Ia menuturkan, penguatan peran BIMP-EAGA harus diiringi dengan kebijakan yang mampu memberi dampak nyata bagi masyarakat di negara anggota. Langkah tersebut dinilai penting agar kawasan tetap memiliki daya tahan di tengah tekanan global.

“Dengan semangat itu, BIMP-EAGA harus terus berkembang. BIMP-EAGA harus lebih adaptif, lebih berdampak, dan lebih responsif terhadap kebutuhan masyarakat kita,” kata dia.

2. Penting untuk menjaga keselamatan dan mata pencaharian rakyat

Presiden Prabowo menghadiri Konferensi Tingkat Tinggi Khusus Brunei Darussalam-Indonesia-Malaysia-Philippines East (BIMP-EAGA) dalam rangkaian KTT ke-48 ASEAN di Cebu, Kamis (7/5/2026) (dok. Sekretariat Presiden)

Dalam kesempatan itu, Prabowo turut mengingatkan pentingnya menjaga keselamatan masyarakat sekaligus mempertahankan sumber penghidupan rakyat di tengah situasi ekonomi dunia yang belum stabil.

Menurutnya, arah pembangunan kawasan sebenarnya sudah tertuang dalam visi BIMP-EAGA 2035. Tantangan berikutnya terletak pada pelaksanaan program yang benar-benar berjalan dan memberi hasil nyata.

“Prioritas kita jelas, melindungi keselamatan dan mata pencarian rakyat kita. Visi BIMP-EAGA 2035 telah memberi kita arah yang jelas.
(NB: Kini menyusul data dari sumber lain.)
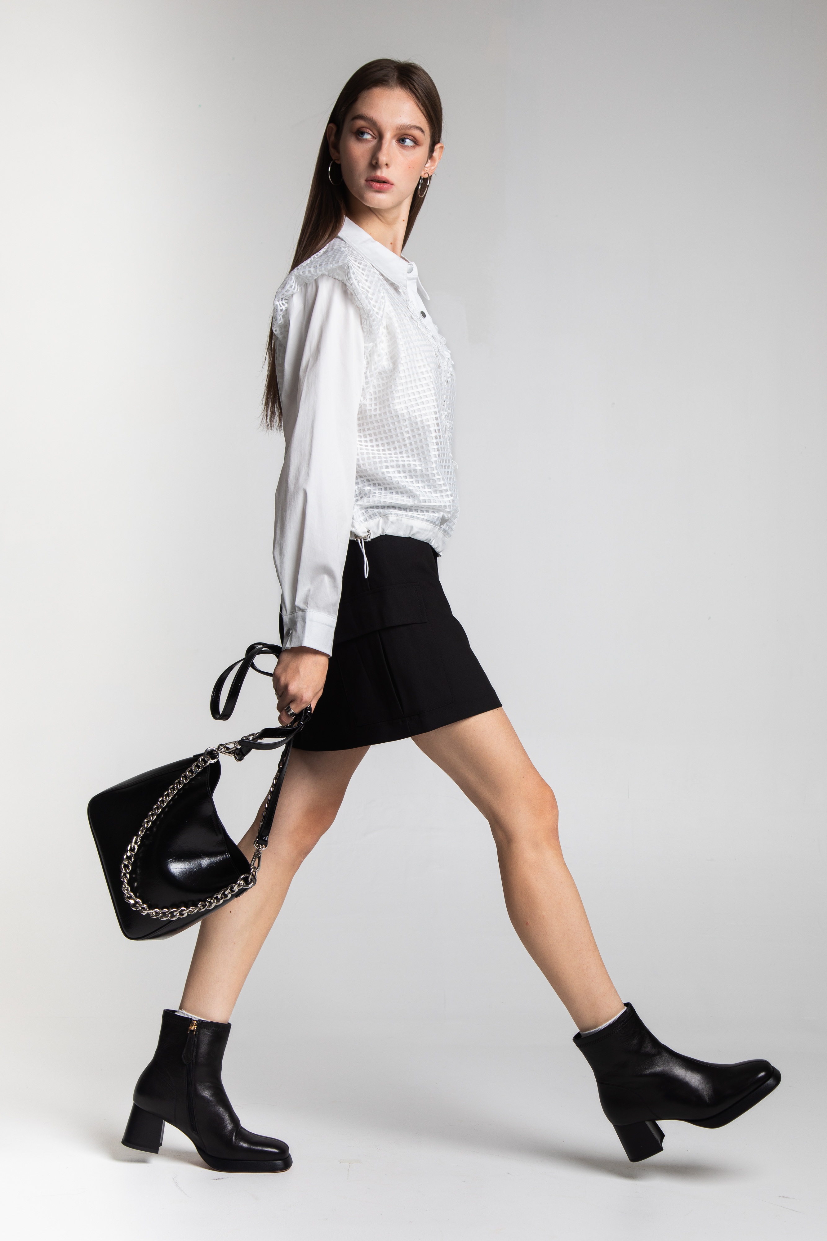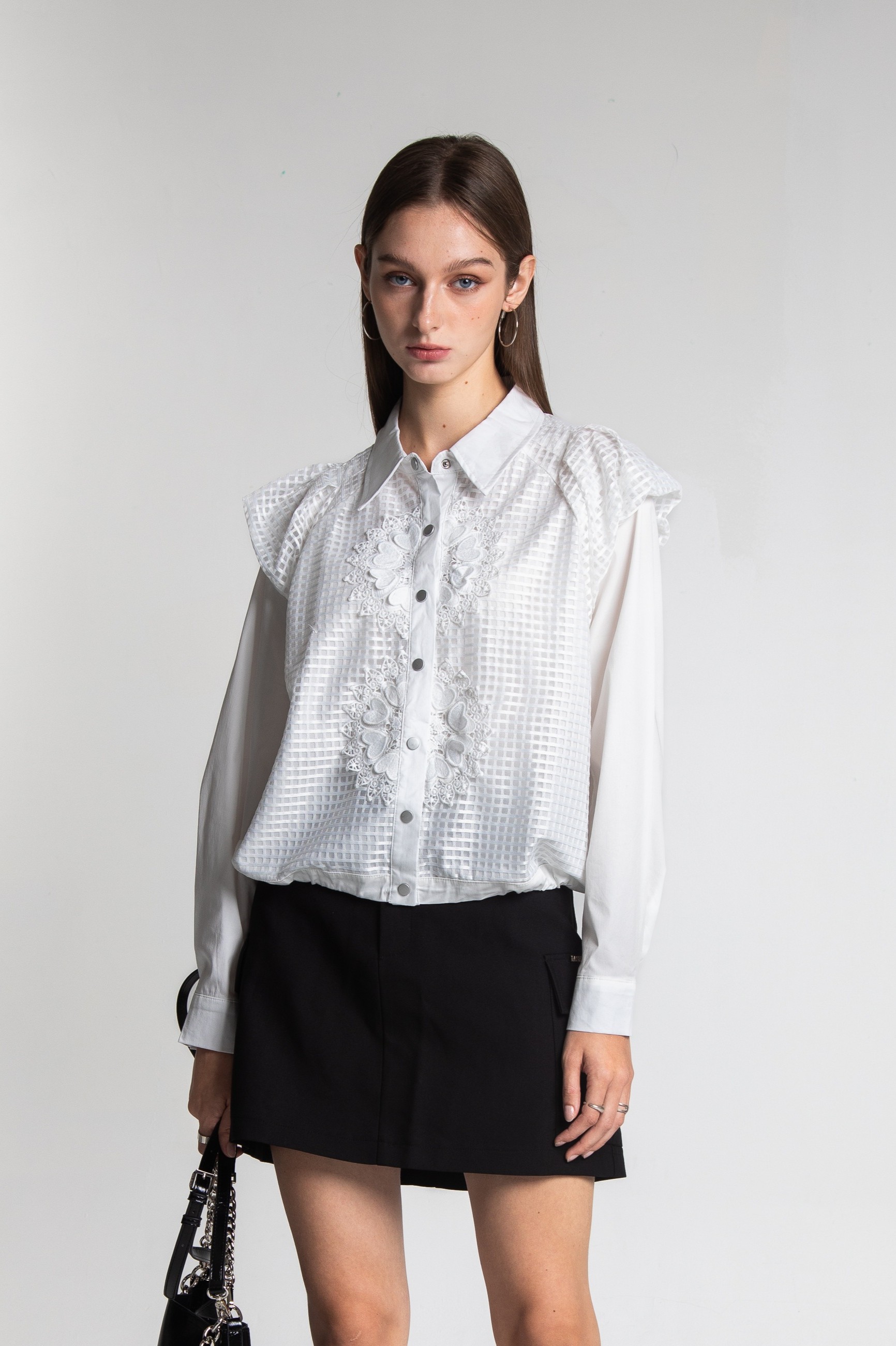這款襯衫以黑白色系為主,巧妙地結合了立體格紋布料與精緻的立體蕾絲花朵,展現出優雅又充滿設計感的風格。肩部的荷葉邊/飛袖設計為俐落的襯衫增添了一抹柔美,而胸前的立體蕾絲點綴則讓整體造型充滿了細節與層次感。

Sekarang tugasnya adalah mewujudkannya,” ucap Prabowo.

3. Prabowo ajak ASEAN kembangkan potensi

Presiden Prabowo menghadiri Konferensi Tingkat Tinggi Khusus Brunei Darussalam-Indonesia-Malaysia-Philippines East (BIMP-EAGA) dalam rangkaian KTT ke-48 ASEAN di Cebu, Kamis (7/5/2026) (dok. Sekretariat Presiden)

Lebih lanjut, Presiden Prabowo kemudian mengajak ASEN mengembangkan potensi negara masing-masing. Ketahanan energi menjadi salah satu isu yang sedang hangat saat ini.

Oleh karena itu, Prabowo mengajak negara di ASEAN untuk saling bekerja sama. Sehingga, isu ketahanan energi tidak lagi menjadi hal yang menakutkan.

“Pertanyaannya adalah apakah kita siap untuk bertindak berdasarkan potensi tersebut. Bukan hanya untuk memenuhi kebutuhan subregional kita, tetapi juga untuk berkontribusi pada transisi energi ASEAN,” kata Prabowo.

Prabowo kemudian menyinggung langgah yang sudah dilakukan untuk mengembangkan energi bersih di kawasan. Mulai dari pengembangan tenaga air di Borneo, perluasan proyek energi surya di Palawan, dan pemanfaatan energi angin di wilayah pesisir.

“Transisi energi kita sedang melaju dengan kecepatan penuh. Kita tengah bangun tenaga surya 100 GW. Bersama-sama kita tingkatkan infrastruktur energi kita. BIMP-EAGA memiliki potensi yang besar,” imbuhnya.